By consolidating some of the chapters from the previous edition, the authors have been able to reduce the previous fourteen walks to ten. The tenth tour in the book requires a car as it covers a wide geographic area, including Surrey, Richmond, New Westminster, Port Moody, and Burnaby. This section is a substantial addition to the book, providing for several new buildings atop Mount Burnaby at SFU, along with a num­ber of buildings in Surrey’s growing civic precinct, including its main library by Revery.

Designed by NIck Milkovich Architects and Arthur Erickson, the Waterfall Building groups live-work studios around a courtyard with a wedge-shaped pavilion intended as an art gallery. Photo by Robin Ward

As a resident of New Westminster, I appreciated the inclusion of the Anvil Centre by HCMA and MCM, along with the new Sapperton District adjacent to the Royal Columbian Hospital, an often overlooked transit-oriented development masterplanned by Henriquez Partners Architects. Like its older cousin at New Westminster Station, Sapperton will be home to four new residential towers at its build-out, and has turned the area into a vibrant, walkable community. 

Like the story of False Creek, the Expo Line anchors another narrative thread, as its expansion to include the Millennium, Evergreen, and Canada Lines has allowed for Metro Vancouver to remain a fifteen-minute city. The new Broadway Line is also mentioned several times in the current edition, particularly as it enables the Broadway Plan. As the book’s authors make clear, this new plan will potentially affect some 500 blocks along the Broadway corridor, currently home to twenty-five percent of the city’s rental housing stock. Perhaps the game changer here will be the arrival of Indigenous development on the Heather and Jericho lands, along with the Squamish nation’s Sen’ákw, designed by Revery with Kasian, which has already broken ground at the southern foot of the Burrard Street Bridge.

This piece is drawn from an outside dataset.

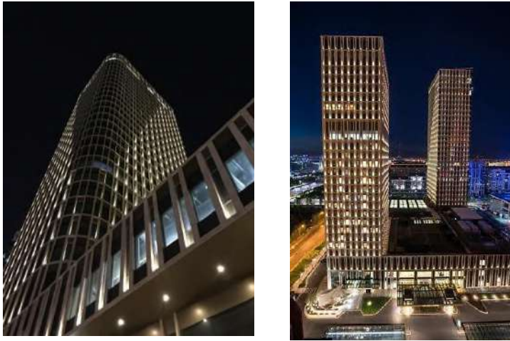
Рисунок 6. Талан Тауэр в Астане.

Сегодня архитекторы стремятся найти баланс между активным визуальным восприятием и ощущением спокойствия. Природные палитры, мягкие текстуры и тактильные поверхности создают атмосферу, в которой человек может сосредоточиться и чувствовать себя в безопасности. В условиях растущего интереса к устойчивому проектированию и человекоцентричному подходу архитектура научных зданий становится не просто фоном для работы, а важной частью образовательного и исследовательского процесса. Пространства больше не являются просто оболочкой для научных исследований, они становятся динамичными средами, которые формируют мышление, способствуют обмену знаниями и внутренней мотивации.

Kalman and Ward note that the most unprecedented result of Truth and Reconciliation, “unforeseen by CityPlan and EcoDensity (or previous editions of this book), is that First Nations would assert their rights and initiate development.” They ask: “Will these initiatives shift the dynamics of real estate development in Vancouver? They will certainly test the sincerity of the City’s 2014 pledge of reconciliation.”

The results of these new developments will doubtless be documented in a future edition. Meanwhile, the fifth edition offers a hopeful narrative of moving into the future together by building upon the lessons of our past. In the spirit of Expo ’86, this positive motion continues to propel this city forward to becoming a place we can all call home.